Department of Health and Human Services data reported by the New York Times has detailed average U.S. hospital and ICU bed occupancy rates for the week ending December 03. It paints an extremely disturbing picture of health system that is buckling under the strain of the pandemic in some parts of the country. Current hospital capacity stands at 59 percent while ICU occupancy is 72 percent, with both figures climbing steadly. The numbers are already significantly higher than that in some parts of the country. 2,200 counties were included in the analysis and the average hospital is 90 percent in 126 of them and well above that in some countries in Kentucky, Georgia, Minnesota, Oklahoma and Texas.
According to the dataset, ICU bed capacity is already at or above 100 percent in 113 hospital service areas with the highest occupancy rate seen in Cullman, Alabama, at 131 percent. It also looked at how things are developing in areas with a high population, an ominous trend which is illustrated on this map.

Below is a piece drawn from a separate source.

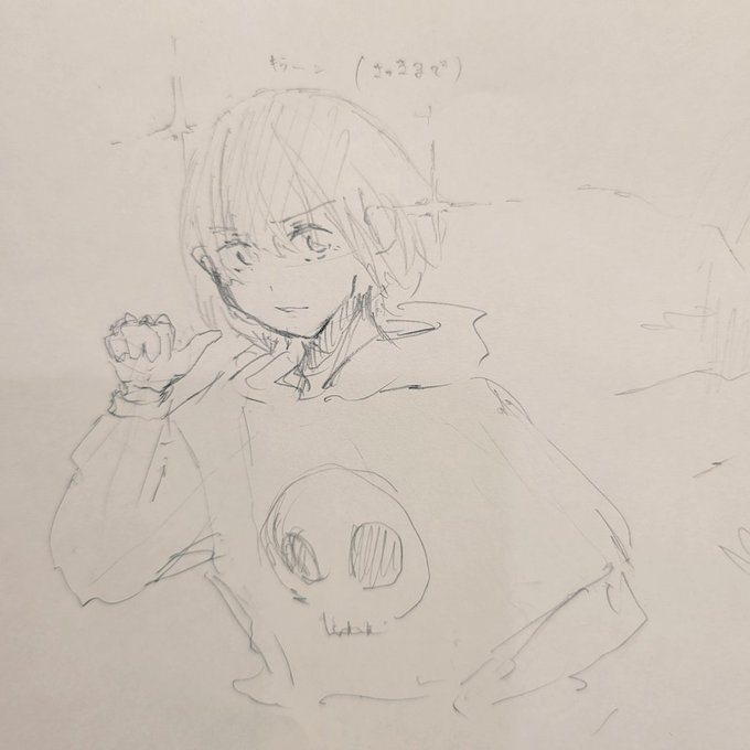 1枚目→2枚目 1度でいいから描いてみたかったんだ ※トレス有 #しにがみあーと #日常組
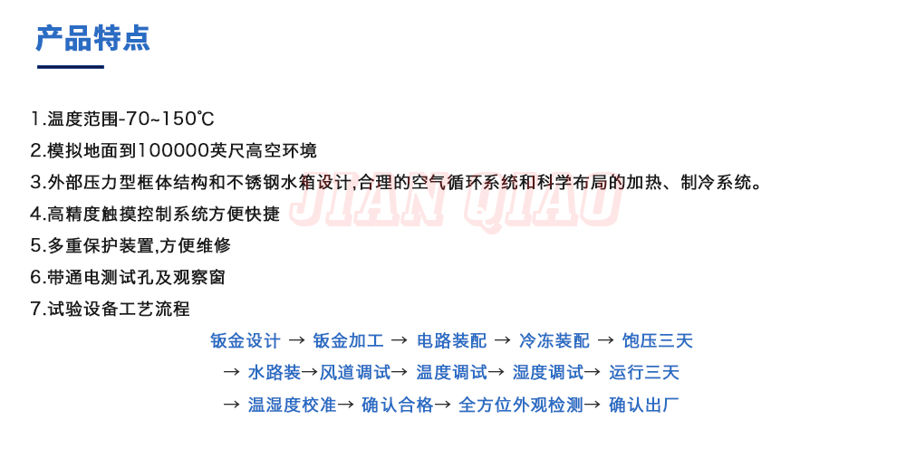 產(chǎn)品型號:JQTA-504 品牌:劍 喬 用途:高低溫低氣壓試驗箱主要用于試驗工件在低氣壓、高溫低溫單項或同時作用下的環(huán)境適應性與可靠性試驗,并或同時對試件通電進行電氣性能參數(shù)的測量。咨詢熱線:13829135130

There are zero ICU beds available in Albuquerque, for example, which has an occupancy rate of 116 percent. In Baton Rouge, that figure is 106 percent while it stands at 107 percent in Ogden, Utah. The New York Times described the situation in El Paso as marginally better with 13 free ICU beds out of 400 in total, which still makes for an occupancy rate of 95 percent.

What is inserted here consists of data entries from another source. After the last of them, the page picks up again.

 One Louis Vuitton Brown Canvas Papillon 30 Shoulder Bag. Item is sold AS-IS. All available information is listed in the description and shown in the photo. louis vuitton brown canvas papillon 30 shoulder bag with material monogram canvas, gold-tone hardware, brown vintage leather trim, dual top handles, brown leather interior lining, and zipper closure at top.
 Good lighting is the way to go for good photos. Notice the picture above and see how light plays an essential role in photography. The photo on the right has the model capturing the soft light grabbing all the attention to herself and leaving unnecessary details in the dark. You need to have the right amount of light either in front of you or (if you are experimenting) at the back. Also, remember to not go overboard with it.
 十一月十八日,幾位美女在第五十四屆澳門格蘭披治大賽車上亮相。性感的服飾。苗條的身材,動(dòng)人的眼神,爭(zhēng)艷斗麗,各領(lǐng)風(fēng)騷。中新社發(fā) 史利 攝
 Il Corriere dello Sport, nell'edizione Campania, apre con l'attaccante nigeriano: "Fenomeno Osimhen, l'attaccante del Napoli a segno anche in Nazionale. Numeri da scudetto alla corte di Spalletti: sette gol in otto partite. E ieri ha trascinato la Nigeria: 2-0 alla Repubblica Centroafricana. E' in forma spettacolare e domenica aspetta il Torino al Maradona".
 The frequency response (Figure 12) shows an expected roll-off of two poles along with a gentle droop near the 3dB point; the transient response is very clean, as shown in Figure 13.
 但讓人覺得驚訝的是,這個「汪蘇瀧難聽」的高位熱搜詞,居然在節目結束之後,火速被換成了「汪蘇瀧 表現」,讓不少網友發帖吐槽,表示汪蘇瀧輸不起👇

More than a third of Americans now live in areas that are running critically short of free ICU beds and that hospitals serving 100 million people reported fewer than 15 available intensive care beds at theend of last week. The situation is worse in some places, however, particularly acrossa swathe of Midwest, South and Southwest. One in 10 people in those areas live in an area where ICU beds are completely full or 95 percent full. The disturbing hospital-level data comes as the U.S. registered more than 3,00 deaths in 24 hours for the first time. With an FDA panel meeting to consider approving Pfizer's vaccine, there is some badly needed hope on the horizon.